*Por Paulo Larazi, CEO da Recrutei
O desaparecimento de candidatos durante processos seletivos, conhecido como ghosting reverso, tem crescido. Isso revela mais sobre as falhas das empresas do que sobre a postura dos profissionais. Embora muitos ainda vejam essa desistência repentina como falta de comprometimento, essa visão ignora o contexto atual do mercado. Hoje, o equilíbrio entre empresas e talentos está mudando. Candidatos qualificados têm mais opções e estão mais seletivos. Essa atitude dos candidatos é uma resposta natural às novas dinâmicas do mercado.
Participar de um processo seletivo exige tempo, energia emocional e, muitas vezes, adaptações na rotina. Quando a experiência oferecida pela empresa não demonstra o mesmo nível de comprometimento, é natural que o candidato reavalie sua permanência. Processos longos, repletos de etapas pouco objetivas, sem retorno claro ou com comunicação ineficiente são percebidos como sinal de desorganização.
Segundo um estudo da Glassdoor, processos com mais de quatro etapas têm 20% mais chances de serem abandonados. A mensagem implícita é clara: se a entrada na empresa já é desgastante, isso reflete diretamente na experiência do colaborador ao longo do tempo. Outro dado que merece atenção vem do relatório Candidate Experience Benchmark Research, da Talent Board. Mais de 52% dos candidatos afirmam que nunca recebem feedback após entrevistas. Essa ausência de retorno não é apenas uma falha de comunicação; é uma quebra de confiança que afeta diretamente a percepção sobre a empresa.
Em um cenário de competição por talentos, deixar candidatos sem qualquer resposta é uma escolha arriscada, que pode comprometer a reputação da marca empregadora. Prova disso é que 72% dos candidatos compartilham experiências negativas com amigos ou nas redes quando se sentem mal tratados durante a seleção, como mostra levantamento da AIHR. Mesmo assim, ainda são comuns as queixas de recrutadores frustrados com o sumiço de candidatos, sem que se avaliem com profundidade os motivos por trás desse comportamento. O abandono não acontece por acaso. Ele é uma resposta a uma jornada seletiva que não valoriza quem participa dela. É um sinal de alerta e deve ser interpretado como tal.

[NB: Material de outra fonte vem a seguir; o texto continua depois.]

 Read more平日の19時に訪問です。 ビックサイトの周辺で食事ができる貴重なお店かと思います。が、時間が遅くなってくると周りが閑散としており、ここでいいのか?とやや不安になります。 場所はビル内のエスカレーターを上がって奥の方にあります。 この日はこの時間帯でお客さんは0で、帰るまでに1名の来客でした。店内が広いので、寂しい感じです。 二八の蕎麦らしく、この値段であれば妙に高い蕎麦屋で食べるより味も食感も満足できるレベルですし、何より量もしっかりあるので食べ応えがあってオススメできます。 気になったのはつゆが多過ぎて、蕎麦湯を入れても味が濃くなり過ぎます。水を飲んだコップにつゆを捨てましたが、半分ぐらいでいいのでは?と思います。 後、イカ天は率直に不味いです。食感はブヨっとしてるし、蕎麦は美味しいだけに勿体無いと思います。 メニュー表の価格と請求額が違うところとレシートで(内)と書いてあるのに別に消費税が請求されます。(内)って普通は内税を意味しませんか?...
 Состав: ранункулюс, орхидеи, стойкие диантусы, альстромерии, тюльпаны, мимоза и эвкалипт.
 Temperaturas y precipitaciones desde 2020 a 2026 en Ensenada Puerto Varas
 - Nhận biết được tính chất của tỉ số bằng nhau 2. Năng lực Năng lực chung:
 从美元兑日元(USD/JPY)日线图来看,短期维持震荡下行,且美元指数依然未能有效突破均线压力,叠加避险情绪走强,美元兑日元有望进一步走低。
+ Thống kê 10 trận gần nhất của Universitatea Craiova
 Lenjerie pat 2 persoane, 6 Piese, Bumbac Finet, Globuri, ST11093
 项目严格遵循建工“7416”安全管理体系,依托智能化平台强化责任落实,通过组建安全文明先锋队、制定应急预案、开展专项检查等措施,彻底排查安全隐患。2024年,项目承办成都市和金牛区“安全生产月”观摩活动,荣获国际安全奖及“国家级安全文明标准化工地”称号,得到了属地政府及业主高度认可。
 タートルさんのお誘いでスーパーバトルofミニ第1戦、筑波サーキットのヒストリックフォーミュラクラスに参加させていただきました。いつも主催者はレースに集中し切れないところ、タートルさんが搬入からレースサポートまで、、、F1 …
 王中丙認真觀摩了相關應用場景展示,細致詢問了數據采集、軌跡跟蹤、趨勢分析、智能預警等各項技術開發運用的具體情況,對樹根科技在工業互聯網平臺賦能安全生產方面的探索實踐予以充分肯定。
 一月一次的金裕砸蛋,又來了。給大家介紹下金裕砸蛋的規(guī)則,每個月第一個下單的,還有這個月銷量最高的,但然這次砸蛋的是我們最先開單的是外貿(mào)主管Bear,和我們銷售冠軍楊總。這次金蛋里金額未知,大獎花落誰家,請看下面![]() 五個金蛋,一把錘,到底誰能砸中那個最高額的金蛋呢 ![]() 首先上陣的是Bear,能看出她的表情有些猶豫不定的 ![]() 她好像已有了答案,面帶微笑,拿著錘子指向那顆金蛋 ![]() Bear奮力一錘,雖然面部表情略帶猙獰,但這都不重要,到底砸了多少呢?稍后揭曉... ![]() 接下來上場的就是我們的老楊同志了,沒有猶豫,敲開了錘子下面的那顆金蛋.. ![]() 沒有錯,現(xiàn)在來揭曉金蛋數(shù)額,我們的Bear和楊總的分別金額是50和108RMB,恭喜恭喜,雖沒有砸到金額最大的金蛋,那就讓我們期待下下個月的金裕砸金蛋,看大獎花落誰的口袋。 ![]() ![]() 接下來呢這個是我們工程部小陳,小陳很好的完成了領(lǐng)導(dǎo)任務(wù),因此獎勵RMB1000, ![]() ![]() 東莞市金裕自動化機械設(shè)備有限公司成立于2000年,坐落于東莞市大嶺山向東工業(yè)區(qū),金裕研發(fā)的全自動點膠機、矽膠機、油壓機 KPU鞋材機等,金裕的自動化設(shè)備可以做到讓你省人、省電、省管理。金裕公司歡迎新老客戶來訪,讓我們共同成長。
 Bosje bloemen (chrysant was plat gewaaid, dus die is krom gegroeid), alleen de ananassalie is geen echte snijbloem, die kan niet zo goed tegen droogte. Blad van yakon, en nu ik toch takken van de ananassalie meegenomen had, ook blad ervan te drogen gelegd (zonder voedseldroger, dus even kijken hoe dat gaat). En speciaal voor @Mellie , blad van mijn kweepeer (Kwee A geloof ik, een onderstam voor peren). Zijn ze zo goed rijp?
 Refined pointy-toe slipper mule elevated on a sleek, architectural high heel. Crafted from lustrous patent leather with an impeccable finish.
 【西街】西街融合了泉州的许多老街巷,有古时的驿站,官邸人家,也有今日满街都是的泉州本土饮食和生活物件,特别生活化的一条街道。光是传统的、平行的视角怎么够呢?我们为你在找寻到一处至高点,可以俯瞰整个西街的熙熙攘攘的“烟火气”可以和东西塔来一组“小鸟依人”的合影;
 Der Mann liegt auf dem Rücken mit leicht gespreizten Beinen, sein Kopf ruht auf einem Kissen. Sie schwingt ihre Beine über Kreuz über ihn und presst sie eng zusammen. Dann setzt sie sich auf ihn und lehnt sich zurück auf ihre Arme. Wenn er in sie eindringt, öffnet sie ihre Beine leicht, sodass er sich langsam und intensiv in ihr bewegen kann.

Responsabilizar o candidato pela evasão é uma forma simplista de lidar com um problema complexo. Reduzir o ghosting reverso exige mais do que mensagens automáticas ou cobranças por mais comprometimento. Requer profissionalismo, empatia e organização. Um processo bem estruturado, com etapas necessárias e bem explicadas, comunicação ágil e humanizada e retorno consistente é hoje um diferencial competitivo. Recrutar talentos é também construir vínculos, e vínculos só se sustentam com respeito mútuo.
Sendo assim, empresas que desejam atrair e reter os melhores profissionais precisam encarar o processo seletivo como parte da sua identidade e cultura. Quando um candidato desiste, ele está enviando uma mensagem importante: algo naquela experiência não fez sentido. Ouvir esse sinal e reavaliar a própria abordagem pode ser o primeiro passo para construir uma relação mais equilibrada, eficiente e, acima de tudo, humana com o mercado de trabalho.
*Paulo Lazari é CEO e fundador da Recrutei, software de recrutamento e seleção.